» DATASET SECTION:
============

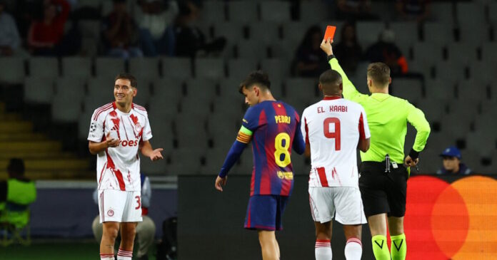 Ο Σαντιάγο Έσε αποβλήθηκε με δεύτερη κίτρινη κάρτα για φάουλ στον Κασάδο της Μπαρτσελόνα, με τον διαιτητή να δίνει ένα σφύριγμα που εξοργίζει τους ανθρώπους του Ολυμπιακού.
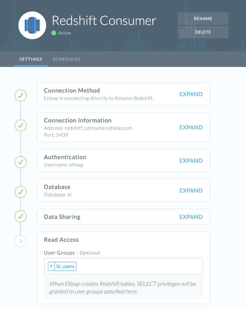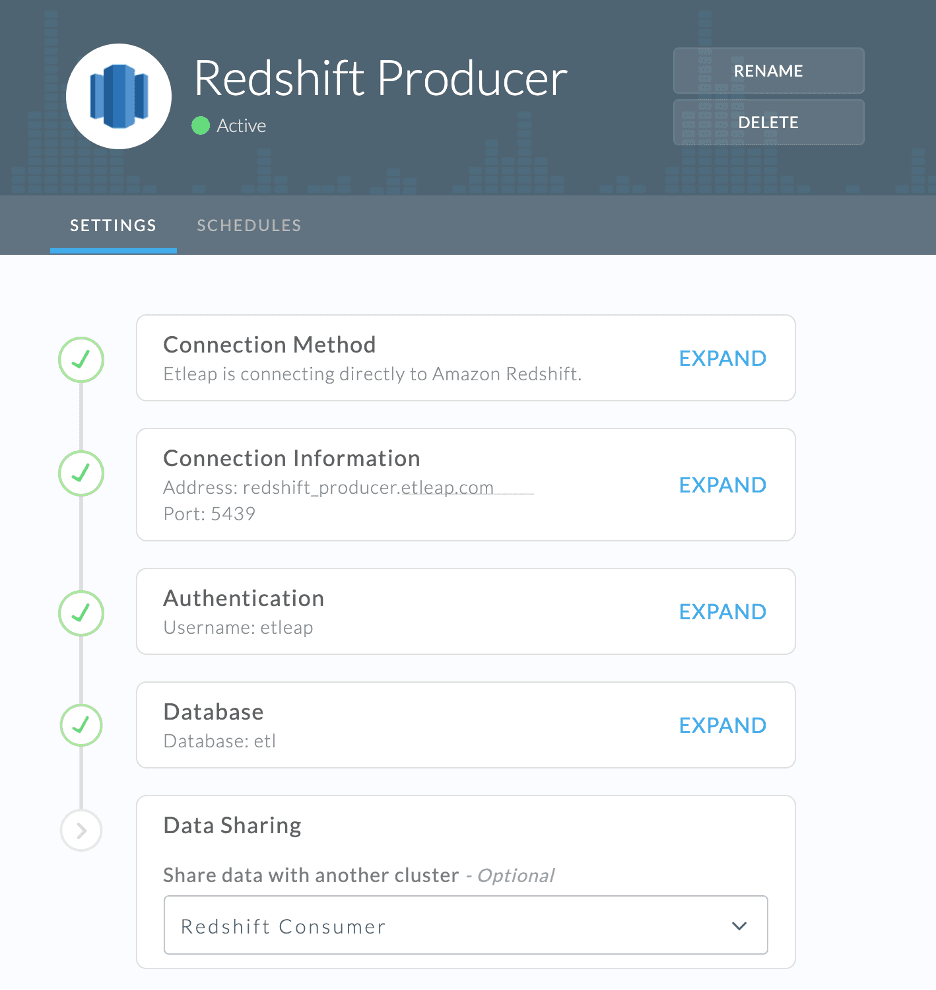 Here’s how to configure the data pipeline described in the example above in Etleap, where data ingested into a producer cluster is shared to a consumer cluster using data sharing.
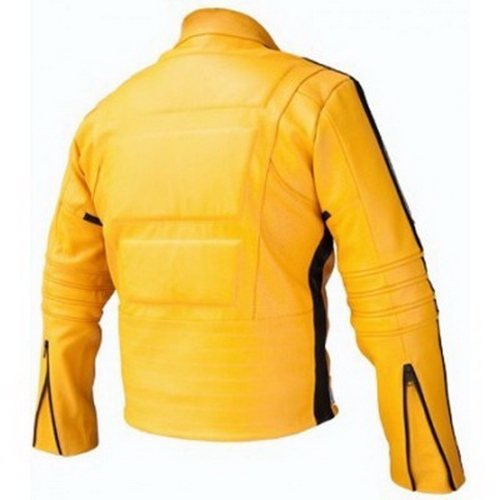 100% genuine leather. Fully lined. Fully Padded. Two pockets inside. Ban Collar. As worn by Uma Thurman in movie Kill Bill.

============

» PROBLEM TO WORK ON: Produce an exact copy of every line above, with the images left out.

» ANSWER SPACE:
 Ο Σαντιάγο Έσε αποβλήθηκε με δεύτερη κίτρινη κάρτα για φάουλ στον Κασάδο της Μπαρτσελόνα, με τον διαιτητή να δίνει ένα σφύριγμα που εξοργίζει τους ανθρώπους του Ολυμπιακού.
 Here’s how to configure the data pipeline described in the example above in Etleap, where data ingested into a producer cluster is shared to a consumer cluster using data sharing.
 100% genuine leather. Fully lined. Fully Padded. Two pockets inside. Ban Collar. As worn by Uma Thurman in movie Kill Bill.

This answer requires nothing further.